I was only able to visit Hong Kong once, for about six days, and Shanghai for about two weeks in total. But I'd already written The Spanish Game, which is set in Madrid, and that gave me the confidence to set another story in a foreign setting.
Recent headlines about the suppression of Islamic separatists in the Chinese province of Xinjiang make the details of your plot seem eerily prescient. Does this surprise you?
Not really, because Xinjiang is a powder keg that's been waiting to explode for a long time. If you suppress a culture to the extent that the Han Chinese have suppressed the Uighurs, sooner or later they are going to fight back.
Will these characters, like British spy Joe Lennox, appear in any subsequent books?
I like the idea of catching up with Joe Lennox. He's interesting: very driven and self-assured, a first-class spy, but also a romantic and a loner. I'd like to write a book about the Chinese presence in Africa, and Joe could be at the heart of that story.
In some ways, your book might be said to be a tragic love story built on a spy novel structure. Thoughts?
That's definitely true. I was heavily influenced by what le Carré had done in The Constant Gardener. That was a book about corrupt business practices in East Africa, but it was a very moving love story as well. I wanted to try to replicate that in Typhoon.

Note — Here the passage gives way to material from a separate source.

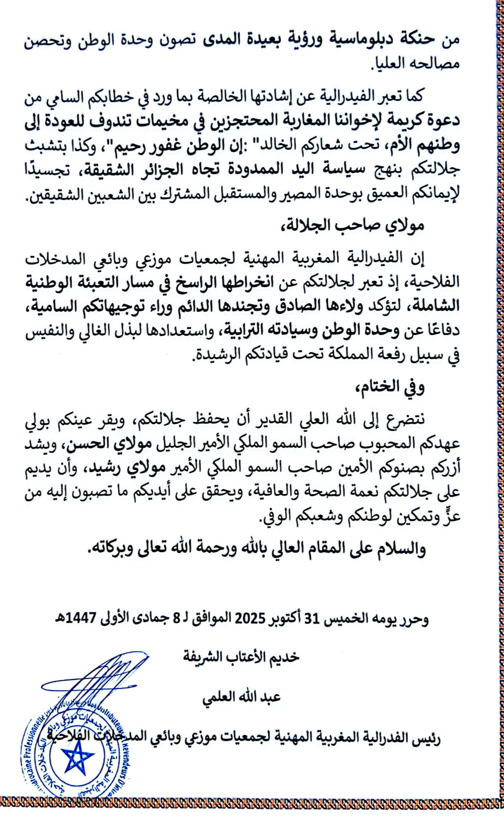 كما نوهت الفيدرالية بدعوة جلالة الملك للمغاربة المحتجزين في مخيمات تندوف إلى العودة إلى الوطن الأم تحت شعار “إن الوطن غفور رحيم”، وبتمسك جلالته بسياسة اليد الممدودة تجاه الجزائر الشقيقة، تجسيداً لإيمانه العميق بوحدة المصير والمستقبل المشترك بين الشعبين.

Your espionage tradecraft rings true. Do you have any personal professional experience in the field?
Not in the field per se, but I was interviewed for a job by MI6 when I was 25, and I have some useful contacts in both MI5 and MI6.
What are you working on now?
My new book is called The Trinity Six. It's a modern spin on the Cambridge spy story. More than that, I can't say, but it will be published in 2011.